Examples of the analysis code that calls searchandClassify() are as follows:

...
searchAndClassify('concert', 'isentertainment')
searchAndClassify('donated', 'isfundraising')
searchAndClassify('amount', 'isfundraising', 150)  # needs exact match to skip "mount" in "mount pleasant"
searchAndClassify('red cross workers', 'ismeeting', 80) # SDL
...

Fuzzy text searching using the Levenshtein distance can be useful in categorization situations where a phrase is applicable. This can help sidestep limitations of single word phrases being too broad to categorize. In the above example, “red cross workers” as a term can help select for that phrase and limited variants, where “workers” may be too broad.

Step 8: And finally, back to Excel

As Excel was a much friendlier end-user tool, the Pandas dataframe was exported into a final Excel spreadsheet for further analysis and creation of visualizations.

Future Steps: Machine Learning

An interesting avenue for improvement of results came up through the analysis of the text data. Categorizing articles purely on the presence of words can be quite successful in this context, but outliers like “donate” present an interpretation problem. As well, the unfortunate combination of text across unrelated columns (as a result of the OCR process) has the effect of arbitrarily splitting up key phrases that can be used to categorize articles.

There are some cross-cutting terms that cannot be successfully categorized, or appear in articles with different intent. These words are “hall”, the aforementioned “donate”, “drive”, and some others.

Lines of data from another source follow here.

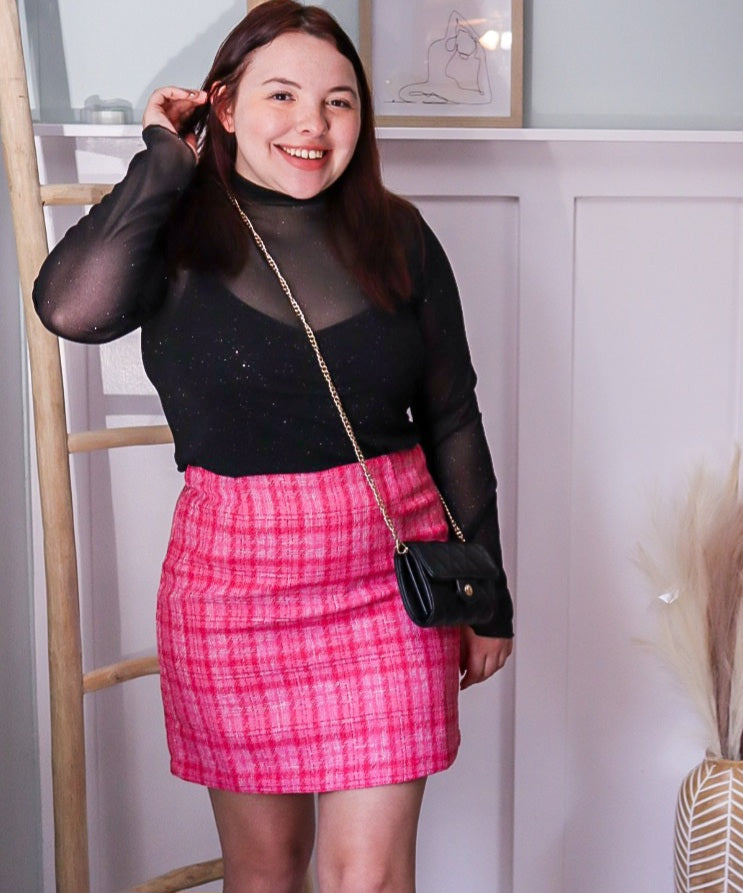 This skirt is all about fun and fashion! Tweed fabric brings the elegant vibe while the pink adds the perfect touch of playfulness! Perfect for a day out with friends or a night on the town. Embrace your style by pairing the tweed skirt with your favorite blouses & bodysuits!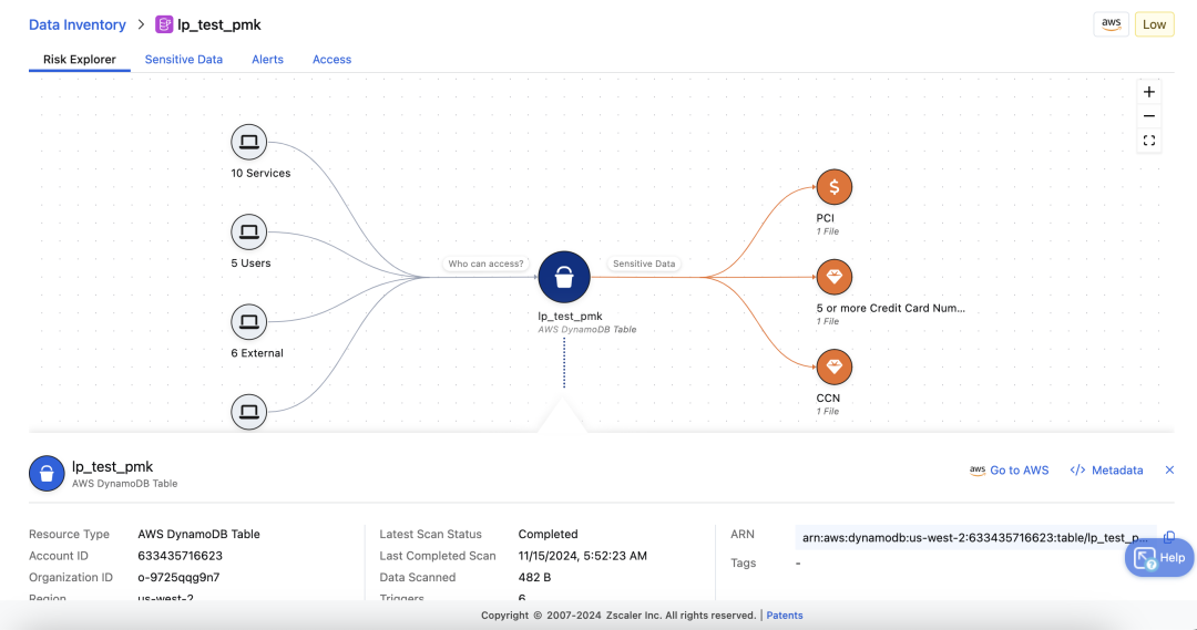 - Get expanded cloud services and platform coverage: Zscaler DSPM now extends its AI-powered data discovery capability to AWS’s top service DynamoDB, a fully managed, serverless, and highly scalable NoSQL database. We also expanded our cloud platform to support Google Cloud, one of the leading cloud providers in the world. With this new expanded coverage, we have the ability to secure structured and unstructured data stores in the top public clouds and services along with SaaS platforms.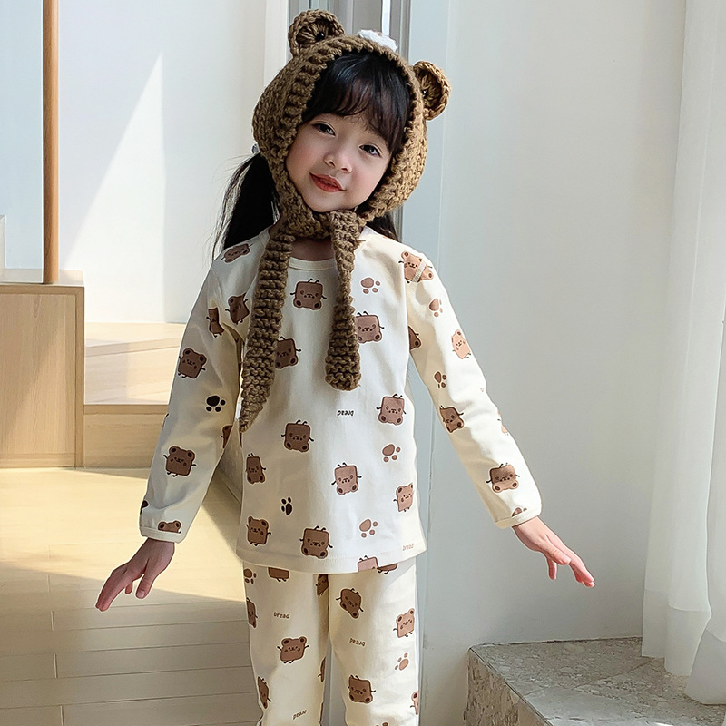 어린이 슈벨벳 코튼 속옷 세트 소년 소녀 가을 및 겨울 따뜻한 캐주얼 파자마 귀여운 홈 의류 세트스토어 가기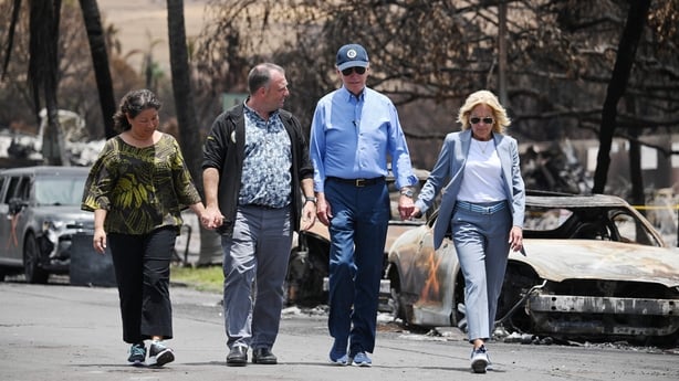 Mr Biden and First Lady Jill Biden walked through the ravaged remains of Lahaina with Hawaii's Governor Josh Green and his wife, nearly two weeks after ferocious, wind-whipped blazes sent residents jumping into the ocean to escape the flames.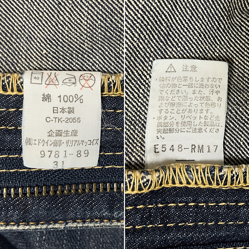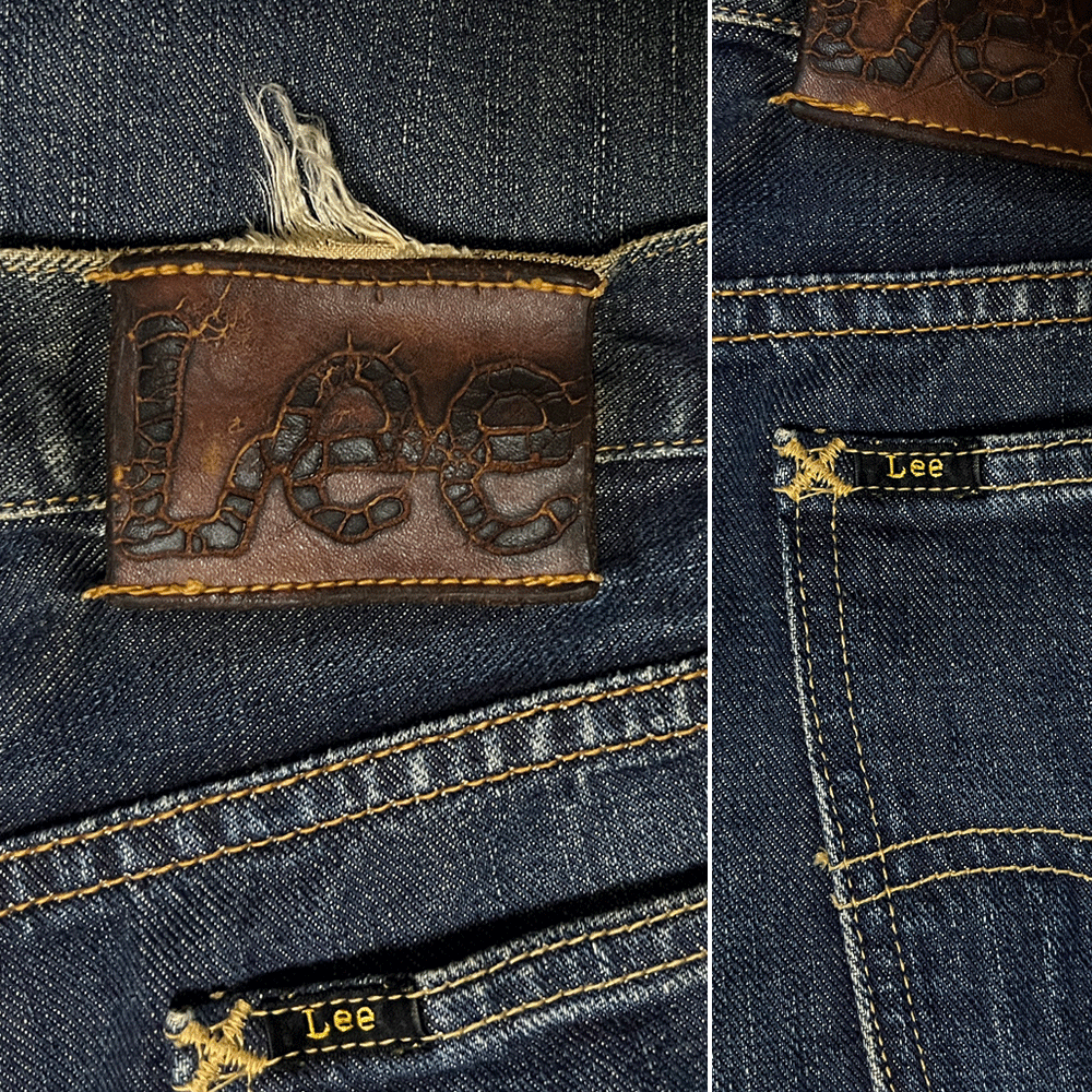 バックポケット内側に当て布付き、左バックポケット内側にユニオンチケット付きです。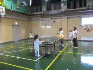 高学年の子どもたちは、膝を使って前へ押し出すように打つことや、バックハンドを教えてもらいました!低学年の子どもたちは、1対1で球をコートに打ち返す練習をしました!みんな真剣に打ち、講師の方に褒められると嬉しそうにしていました☆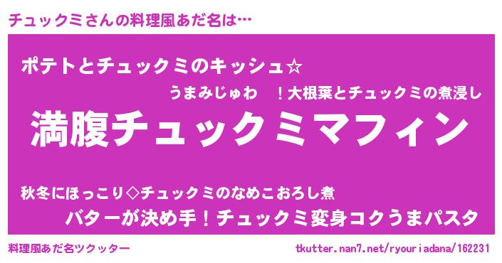 | 胡散臭い通販商品みたいなあだ名 | 『絶対に幸福をもたらす健康食品…その名も「チュックミ」』 |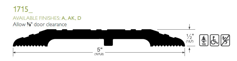 Heavy Duty Threshold, Length: 36", Width: 5", Height: 1/2", Material: PemKote™ Aluminum, Fire Rated, ADA Access Rated, Slip resistant

A possible way of solving this is to break out individual terms of interest without categorization, then apply a probabilistic matching based upon the presence of a list of words.

This of course is the realm of machine learning, and such an algorithm would only require straight text matching (level 1 and 2) to assemble the list of terms found in the article prior to analysis.

Depending on available time and resources, this may be an avenue worth pursuing, though the benefits in this particular dataset may not be worthwhile because most terms found uniquely map 1:1 to their categories. As well, with all ML approaches, a training dataset would need to be assembled, the effort to do so may not be worthwhile in this case.